FIG. 2 shows in what order and what exchange is performed with the other parts in FIG. 1 when the subtitle information search unit in FIG. 1 searches for subtitle information. .
[Explanation of symbols]
DESCRIPTION OF SYMBOLS 1 Demultiplexing process part 2 Video | audio / audio storage part 3 Subtitle data processing part 4 Subtitle information storage part 5 User operation part 6 Subtitle information search part 7 Search result output part

Claims

An apparatus for searching for specific video and / or audio from content consisting of video and audio associated with subtitle data,
The caption data has color information corresponding to caption sentences that are color-coded in advance to distinguish the role of the speaker in the video,
Means for inputting the content, separating video and audio and caption data, and extracting the caption data together with time information which is information for synchronizing with the video and audio;
From the extracted time information, and means for detecting information of a time at which the caption text data representing a timing that will be presented in synchronization with the video as the presentation timing information,
Means for extracting subtitle sentence color information from the extracted subtitle data, and generating speaker role information for specifying the speaker role in the video associated with the extracted color information;
When extracting the caption data, the presentation position of the caption sentence on the screen in the video is extracted, the appearance position on the screen of the speaker within the screen closest to the extracted presentation position is detected, and the detected appearance position the information and means to generate as appeared position information of the speaker,
By the symbol character except phonetic characters used in the caption text, and means for generating and determine the type of caption text that the extracted, the type of information discriminated caption text as additional information of the caption text,
Video / audio storage means for recording the video and audio information;
Caption data associated with the video and audio information and the generated presentation timing information are recorded in a state of being linked to the speaker role information, speaker appearance position information, and additional information as caption information.

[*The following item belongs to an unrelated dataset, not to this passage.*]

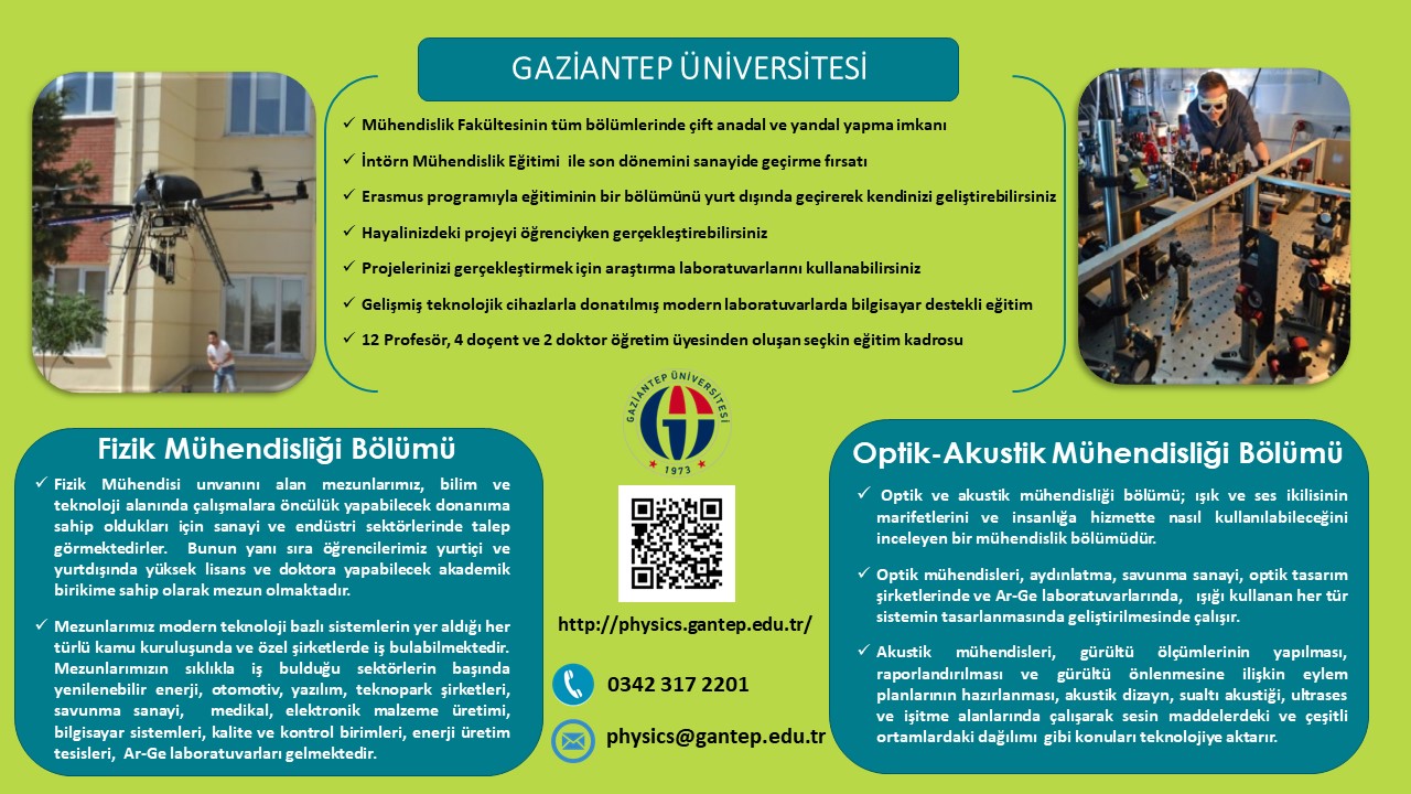 Ana sayfa / DUYURU SLIDE / Gaziantep Üniversitesi Fizik Mühendisliği Bölümü Yeni Öğrencilerini Bekliyor…
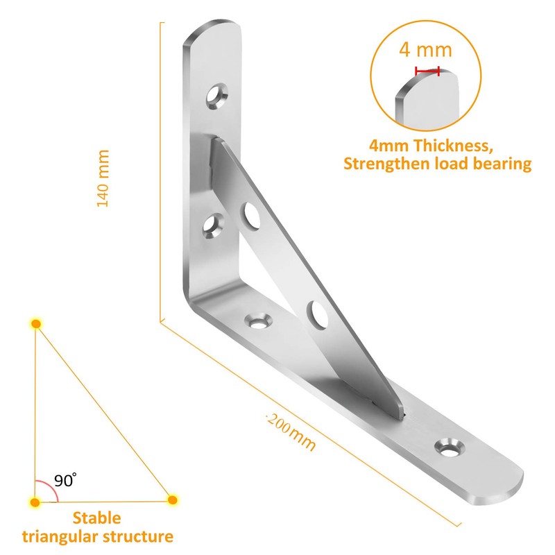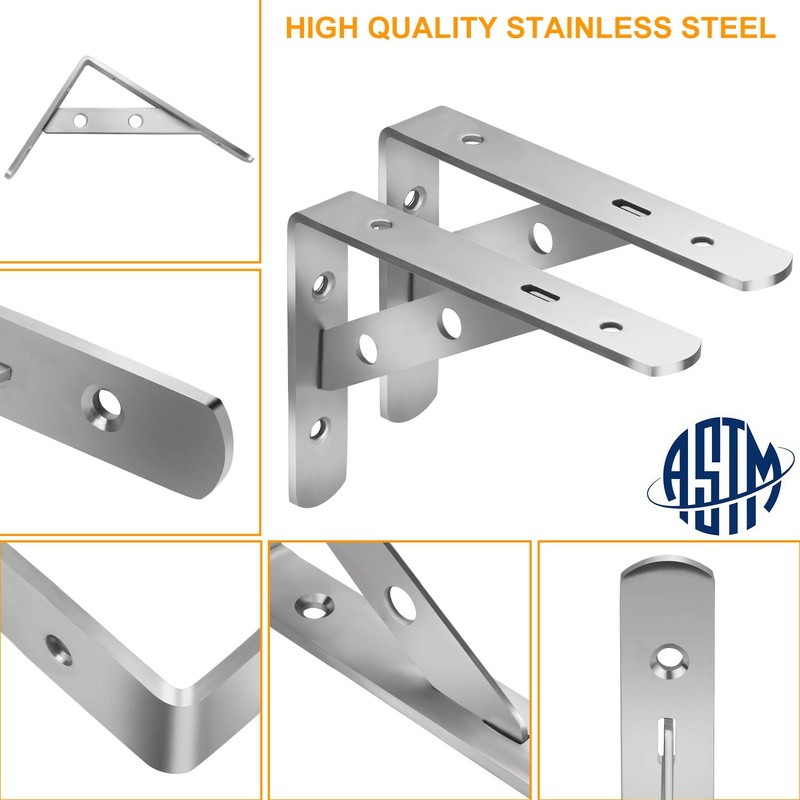 - Material: Steel l brackets is stainless steel brushed finish no worry about daily scratches, corrosion and tarnishing, heavy duty, solid, sturdy, waterproof and rustproof

Subtitle information storage means,
Means for searching for matching subtitle information from the subtitle information storage means based on subtitle information designated for searching for desired video and / or audio, and specifying presentation timing information corresponding to the searched subtitle information;
A video / audio search device comprising: means for instructing the video / audio storage means to reproduce video and audio corresponding to the detected presentation timing information.